• PROMPT: Every line that includes the word "with" needs to be copied from the listing.

===== DATASET EXCERPTS

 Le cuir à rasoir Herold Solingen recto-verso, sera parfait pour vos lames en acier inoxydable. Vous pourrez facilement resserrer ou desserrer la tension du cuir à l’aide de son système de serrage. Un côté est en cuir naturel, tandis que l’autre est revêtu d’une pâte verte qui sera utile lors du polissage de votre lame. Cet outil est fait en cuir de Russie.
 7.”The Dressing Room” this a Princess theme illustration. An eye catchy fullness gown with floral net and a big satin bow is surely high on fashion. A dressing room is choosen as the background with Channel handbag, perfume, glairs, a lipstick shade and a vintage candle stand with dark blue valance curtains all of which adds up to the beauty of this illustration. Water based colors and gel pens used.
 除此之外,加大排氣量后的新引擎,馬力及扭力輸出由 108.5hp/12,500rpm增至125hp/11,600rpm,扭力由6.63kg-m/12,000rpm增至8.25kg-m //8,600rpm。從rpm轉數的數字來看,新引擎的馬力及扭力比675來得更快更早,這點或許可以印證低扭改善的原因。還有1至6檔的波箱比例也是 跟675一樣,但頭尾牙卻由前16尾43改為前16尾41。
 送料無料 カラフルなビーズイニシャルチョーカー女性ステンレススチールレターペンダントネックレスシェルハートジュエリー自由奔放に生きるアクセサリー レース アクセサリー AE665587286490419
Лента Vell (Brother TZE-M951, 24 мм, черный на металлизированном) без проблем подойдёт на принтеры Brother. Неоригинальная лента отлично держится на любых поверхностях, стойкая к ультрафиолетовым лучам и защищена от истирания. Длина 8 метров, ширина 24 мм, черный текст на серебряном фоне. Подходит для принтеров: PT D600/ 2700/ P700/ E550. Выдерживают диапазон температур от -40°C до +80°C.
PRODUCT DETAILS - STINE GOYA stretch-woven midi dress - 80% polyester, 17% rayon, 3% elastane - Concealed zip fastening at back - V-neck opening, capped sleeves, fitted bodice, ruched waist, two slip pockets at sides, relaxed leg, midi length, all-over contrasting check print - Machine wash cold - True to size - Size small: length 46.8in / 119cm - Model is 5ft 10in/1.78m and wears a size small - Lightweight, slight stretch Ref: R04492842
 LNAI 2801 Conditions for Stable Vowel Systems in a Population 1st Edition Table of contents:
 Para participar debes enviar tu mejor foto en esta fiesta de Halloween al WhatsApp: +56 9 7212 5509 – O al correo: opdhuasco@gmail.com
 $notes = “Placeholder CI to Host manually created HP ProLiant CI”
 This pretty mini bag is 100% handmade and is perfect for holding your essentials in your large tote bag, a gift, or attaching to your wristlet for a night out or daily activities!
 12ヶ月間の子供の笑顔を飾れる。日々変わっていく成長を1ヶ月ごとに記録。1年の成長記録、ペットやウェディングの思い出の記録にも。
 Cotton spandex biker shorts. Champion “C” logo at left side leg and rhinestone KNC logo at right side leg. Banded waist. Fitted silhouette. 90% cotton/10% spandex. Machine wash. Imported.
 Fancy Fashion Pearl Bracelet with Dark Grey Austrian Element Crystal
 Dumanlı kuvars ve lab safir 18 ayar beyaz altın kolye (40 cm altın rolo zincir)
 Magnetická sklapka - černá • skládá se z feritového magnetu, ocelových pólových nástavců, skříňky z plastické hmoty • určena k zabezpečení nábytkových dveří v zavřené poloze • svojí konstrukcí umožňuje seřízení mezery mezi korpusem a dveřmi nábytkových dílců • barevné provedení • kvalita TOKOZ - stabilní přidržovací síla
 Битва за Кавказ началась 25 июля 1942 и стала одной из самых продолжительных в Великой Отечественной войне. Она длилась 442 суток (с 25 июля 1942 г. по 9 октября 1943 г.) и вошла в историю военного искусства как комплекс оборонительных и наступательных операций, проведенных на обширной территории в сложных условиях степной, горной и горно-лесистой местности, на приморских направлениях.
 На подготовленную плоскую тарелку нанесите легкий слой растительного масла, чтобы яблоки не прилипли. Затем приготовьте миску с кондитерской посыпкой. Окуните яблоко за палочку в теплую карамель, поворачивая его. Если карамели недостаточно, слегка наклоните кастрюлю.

==========

• REPLY TO THE EXERCISE:
 7.”The Dressing Room” this a Princess theme illustration. An eye catchy fullness gown with floral net and a big satin bow is surely high on fashion. A dressing room is choosen as the background with Channel handbag, perfume, glairs, a lipstick shade and a vintage candle stand with dark blue valance curtains all of which adds up to the beauty of this illustration. Water based colors and gel pens used.
 Fancy Fashion Pearl Bracelet with Dark Grey Austrian Element Crystal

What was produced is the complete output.